- DATASET RECORDS
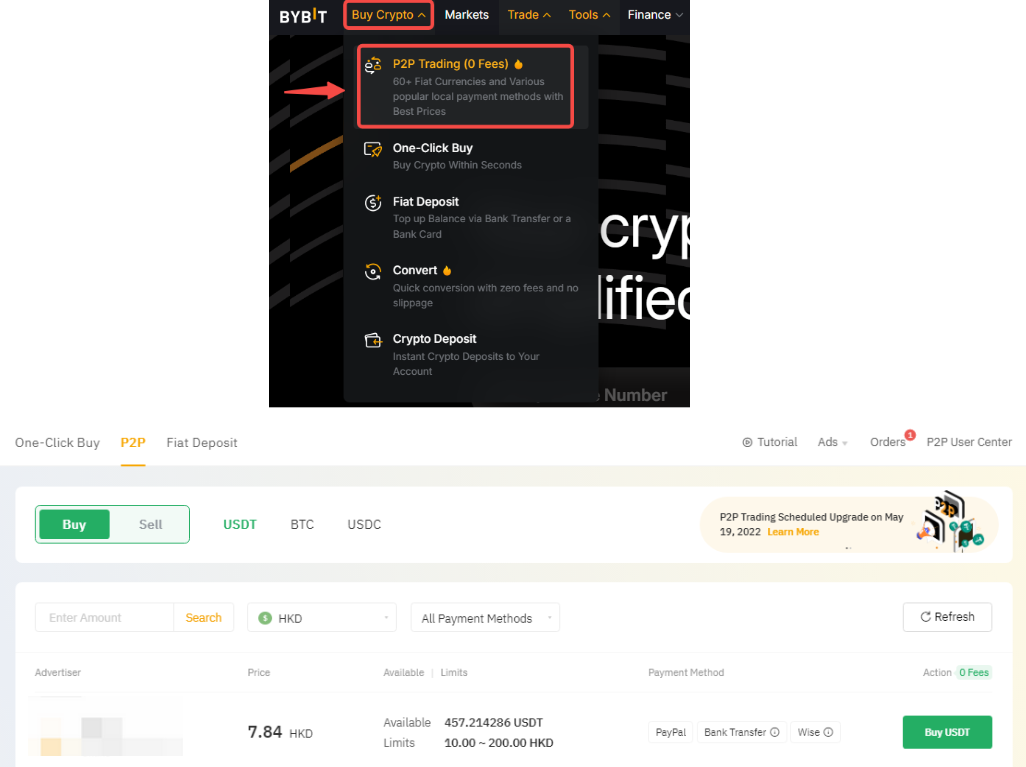 Step 1: Please click on Buy Crypto → P2P Trading on the top left corner of the navigation bar to enter the P2P trading page. If you want to buy USDT then choose your preferred advertisement, and click on Buy USDT.
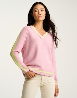 A classic V neck sweater with great bright bold stripes for the upcoming Spring season.
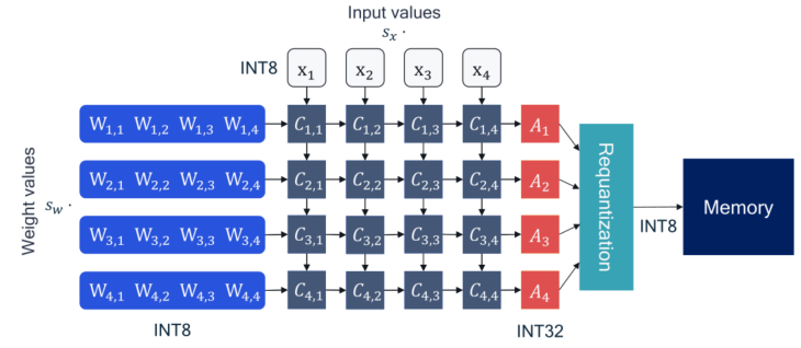 神经网络通常使用FP32类型权重参数和激活进行训练,如果基于FP32执行推理,处理元件和累加器将必须支持浮点逻辑,并且需要将32位数据从内存传输到处理单元;
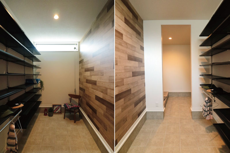 3帖ほどある大きなシューズクロークは、雨風や盗難を気にせずベビーカーや自転車をしまうことができます。愛車やアウトドア用品のメンテナンスも、室内でできちゃう広くて便利なスペースです。
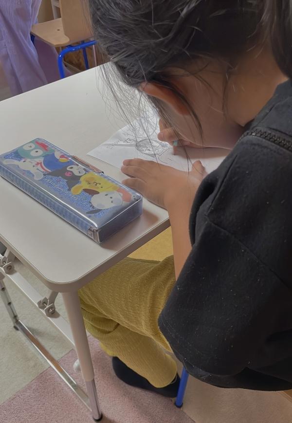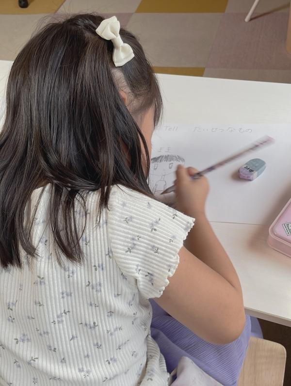 絵本を読んだ後は、みなさんにも「大切なもの」をテーマに絵を描いてもらいました。「恐竜」「家族」「ゲーム」「絵の具セット」など、それぞれの宝物を描いていました。
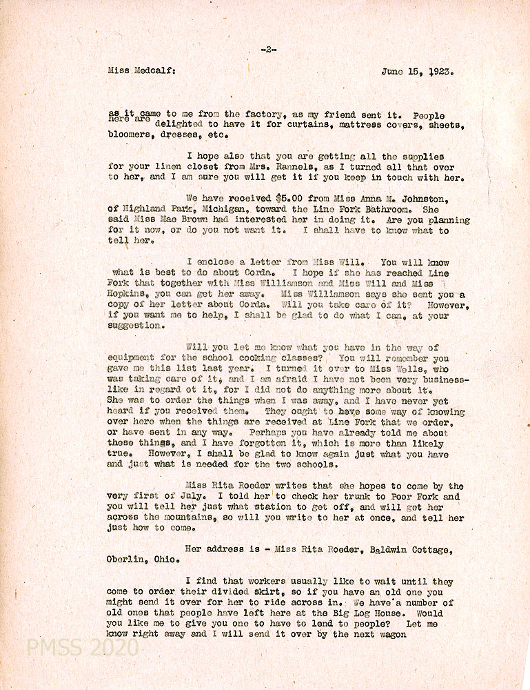 034-034b June 15, 1923. Three-page letter to Medcalf from [unsigned], [034] who is leaving at the last of June. Mentions preparations for the Fourth of July and the fair. Dr. Day is donating a radio; asks about what to order for “under the stoves before we have fires next Fall,” Cots, mattresses; barbed wire to keep out the hogs; [034a] donated material; linen closet supplies from Mrs. Rannels; $5 donation rom Miss Anna M. Johnston of Michigan for Line Fork bathroom; mentions Miss [Louise] Will, Corda, Miss Williamson, Miss Hopkins; asks if she received the equipment for the school cooking classes; Miss [Rita Rebecca] Roeder in Oberlin, OH, may visit; loaning “divided skirts…to ride across in.” [034b] Hopes Miss Smith will visit.
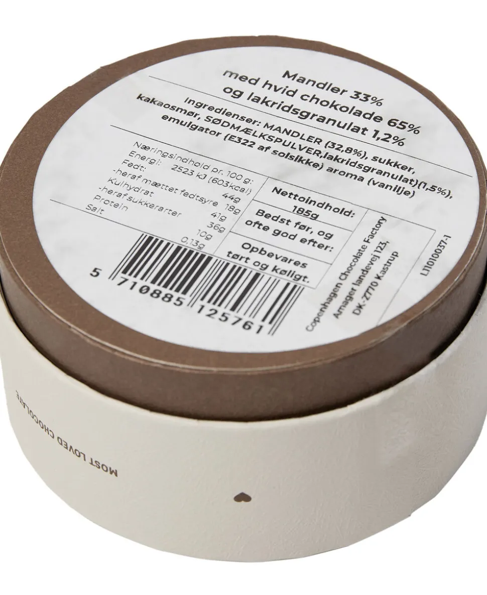 Mandeldragé fra Magasin du Nord Chocolate med hvid chokolade og lakridsgranulat i en dekorativ æske. Mandeldragén er produceret i Danmark og er lavet af udsøgte råvarer. Forkæl dig selv eller en du har kær med denne fine gaveæske.
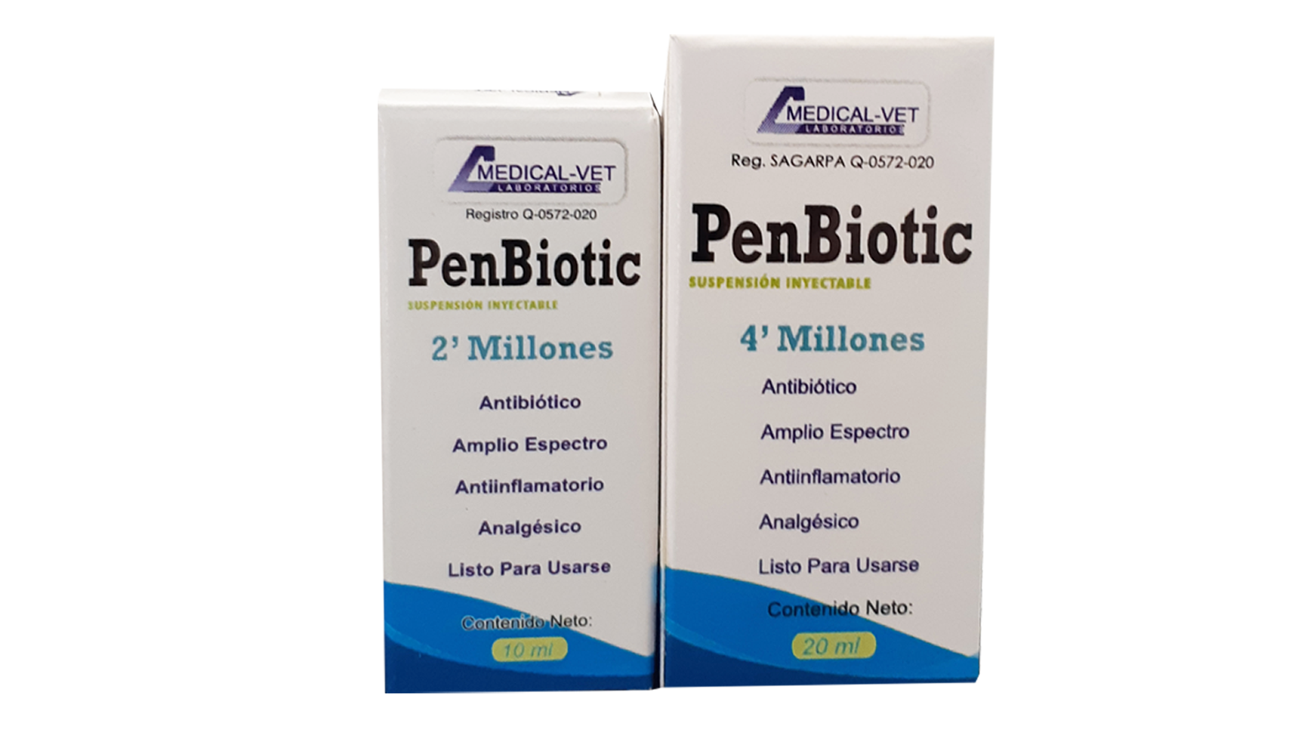 Combinación sinérgica de antibióticos para amplio espectro contra bacterias grampositivas y gramnegativas de rápida acción y efecto prolongado, en suspensión acuosa inyectable lista para usarse.

- PROBLEM REQUIREMENTS
Restate word for word the lines running from the first line of the material to the line containing "034-034b June 15, 1923.", inclusive, and drop every picture.

- SOLUTION TO THE EXERCISE
 Step 1: Please click on Buy Crypto → P2P Trading on the top left corner of the navigation bar to enter the P2P trading page. If you want to buy USDT then choose your preferred advertisement, and click on Buy USDT.
 A classic V neck sweater with great bright bold stripes for the upcoming Spring season.
 神经网络通常使用FP32类型权重参数和激活进行训练,如果基于FP32执行推理,处理元件和累加器将必须支持浮点逻辑,并且需要将32位数据从内存传输到处理单元;
 3帖ほどある大きなシューズクロークは、雨風や盗難を気にせずベビーカーや自転車をしまうことができます。愛車やアウトドア用品のメンテナンスも、室内でできちゃう広くて便利なスペースです。
 絵本を読んだ後は、みなさんにも「大切なもの」をテーマに絵を描いてもらいました。「恐竜」「家族」「ゲーム」「絵の具セット」など、それぞれの宝物を描いていました。
 034-034b June 15, 1923. Three-page letter to Medcalf from [unsigned], [034] who is leaving at the last of June. Mentions preparations for the Fourth of July and the fair. Dr. Day is donating a radio; asks about what to order for “under the stoves before we have fires next Fall,” Cots, mattresses; barbed wire to keep out the hogs; [034a] donated material; linen closet supplies from Mrs. Rannels; $5 donation rom Miss Anna M. Johnston of Michigan for Line Fork bathroom; mentions Miss [Louise] Will, Corda, Miss Williamson, Miss Hopkins; asks if she received the equipment for the school cooking classes; Miss [Rita Rebecca] Roeder in Oberlin, OH, may visit; loaning “divided skirts…to ride across in.” [034b] Hopes Miss Smith will visit.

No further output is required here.